Core Concepts
Introducing a damping outflow forcing mechanism improves stability in multiphase flow simulations with sharp interfacial jumps.
Abstract
A study introduces a damping outflow forcing mechanism to stabilize multiphase flows with sharp interfacial jumps. Inadequate treatment of jumps at the outlet can lead to undesirable fluid disturbances. The forcing term acts as a damping mechanism to control vortices generated by droplets/bubbles. It is designed to enforce stability in the numerical solution and can be applied to simulate various multiphase flow problems. The study demonstrates its applicability in pool and flow boiling scenarios, addressing challenges posed by bubble-induced vortices during evaporation and condensation at the outflow boundary. Computational experiments using Flash-X software show promising results for three-dimensional simulations on supercomputing platforms.
Stats
These flows are dominated by low Weber numbers and a sharp jump in pressure, velocity, and temperature.

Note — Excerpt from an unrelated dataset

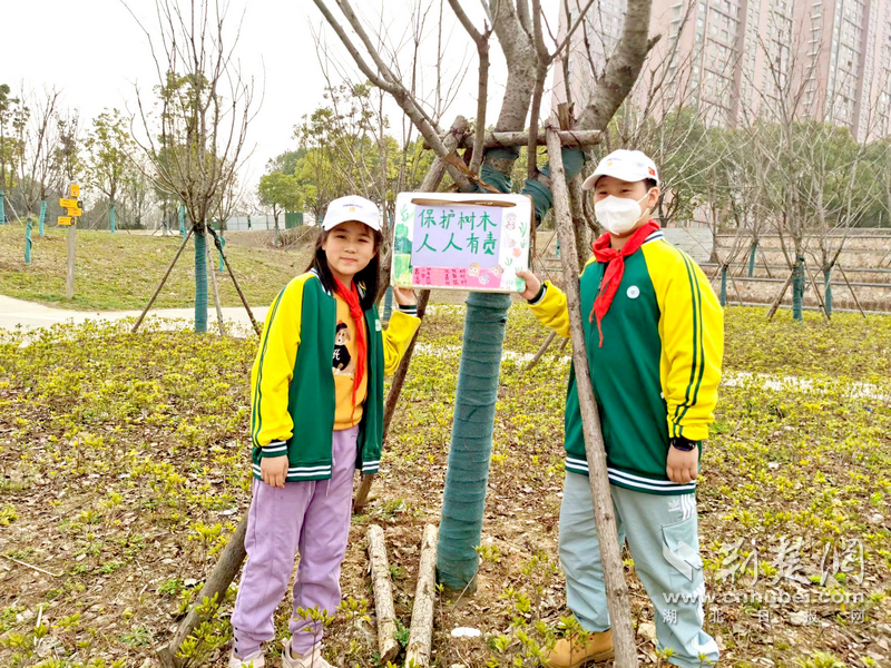 少先队员们还提前制作了主题树牌,带到张公堤上,将它挂在自己认养的小树上,并为小树清理周围的垃圾,让小树更加茁壮成长。

Validation and verification cases are chosen to quantify accuracy and stability of the proposed method.
Computational experiments are performed using Flash-X, an open-source software instrument for fluid dynamics simulations.
The formulation is implemented for a sharp interface ghost fluid method (GFM) but can be extended to other methods with minor modifications.
Parameters such as density ratios, viscosity ratios, Reynolds numbers, Prandtl numbers, Stefan numbers, Froude numbers, and Weber numbers are provided for different scenarios.
Quotes
"The forcing term acts as a damping mechanism to control vortices that are generated by droplet/bubbles in multiphase flows."
"To mitigate these disturbances, we introduce a forcing term that can be applied to incompressible Navier-Stokes equations."
"Outflow boundaries play an important role in multiphase fluid dynamics simulations involving transition between liquid and vapor phases."